Всеволод Полозов отдавал себе отчёт в том, какую оплеуху закатил своему непосредственному шефу и какого врага получил в его лице. Остановившись возле открытого окна в рекреации, он расстегнул ворот хирургической пижамы и вздрогнул от холода собственных пальцев. Негодование отступило, и досада оскоминой осела во рту. Нужно ли было вообще отвечать человеку, занятому исключительно собственной персоной? Последняя фраза породила гнев и ничего более. И причиной тому стали не слова, прозвучавшие подобно обвинению, а сам факт отпора, данный начальнику подчинённым.
Гордость предъявила рассудку ноту протеста в виде шальной мысли, отпечатавшейся на высоком лбу глубокой складкой: уж не следовало ли прикинуться беспомощным ягнёнком и тихо уйти, потупив взор?
Всеволод Полозов посмотрел на свои руки, покрывшиеся синюшными пятнами. Обычно он списывал странные изменения эпидермиса на последствия ожогов, полученных во время армейской службы в Афганистане.
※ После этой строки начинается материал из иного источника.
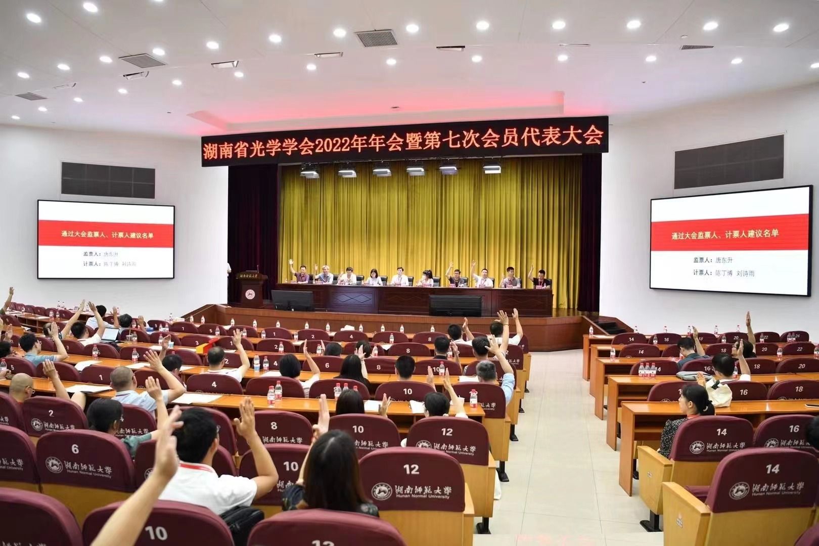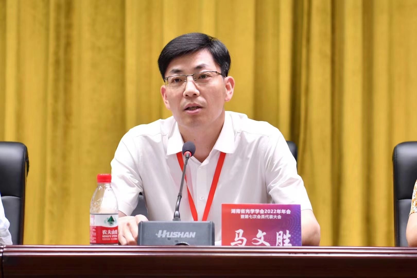 湖南省光学学会理事长、国防科学技术大学教授秦石乔在致辞中充分肯定公司365英国上市集团的建设与学科发展,同时对会务组精心的组织及志愿者细致周到的服务表示感谢!大会期间首先开展湖南省光学科技进展奖评选活动,并为获奖者颁发荣誉证书。然后召开第七次会员代表大会,听取审议第六届理事会工作报告和第六届理事会财务工作报告,通报了2018-2022年财务审计报告,通过了大会选举办法(草案),审议表决《湖南省光学学会章程(草案)》。最后换届选举产生了以国防科学技术大学罗晖教授为理事长的新一届理事会,公司365英国上市集团副经理廖洁桥教授新增为湖南省光学学会副理事长。湖南省科学技术协会党组成员、办公室主任马文胜,湖南省科学技术协会科学技术创新部副部长朱静颖和湖南省民政厅社会组织管理局科长李魅荻莅临指导。马文胜主任代表湖南省科协向大会的胜利召开表示热烈的祝贺!向全省光学专业领域的科技工作者致以诚挚的问候!李魅荻科长对学会上一届理事会的工作给予了充分肯定,希望新一届理事会再接再厉,祝愿学会发展蒸蒸日上!

Хотя с высоты медицинского опыта прекрасно понимал несостоятельность этого вывода. Истина не допускалась до сознания. А время откровения с самим собой неуклонно приближалось, подстёгнутое мистическими явлениями последних девяти дней…
Гордыня, гнев, зависть, тщеславие, жадность, эгоизм и чёрствость впитываются в человеческую сущность и легко овладевают теми, чьё ядро не готово противостоять извечным порокам. Укрепив занятые позиции, то, что испокон веков звалось Злом, делает человека послушной марионеткой в театре экономических игр, социальных переворотов, политических лабиринтов. Бешеный информационный век заглатывает личности, переваривает и выплёвывает единую податливую массу.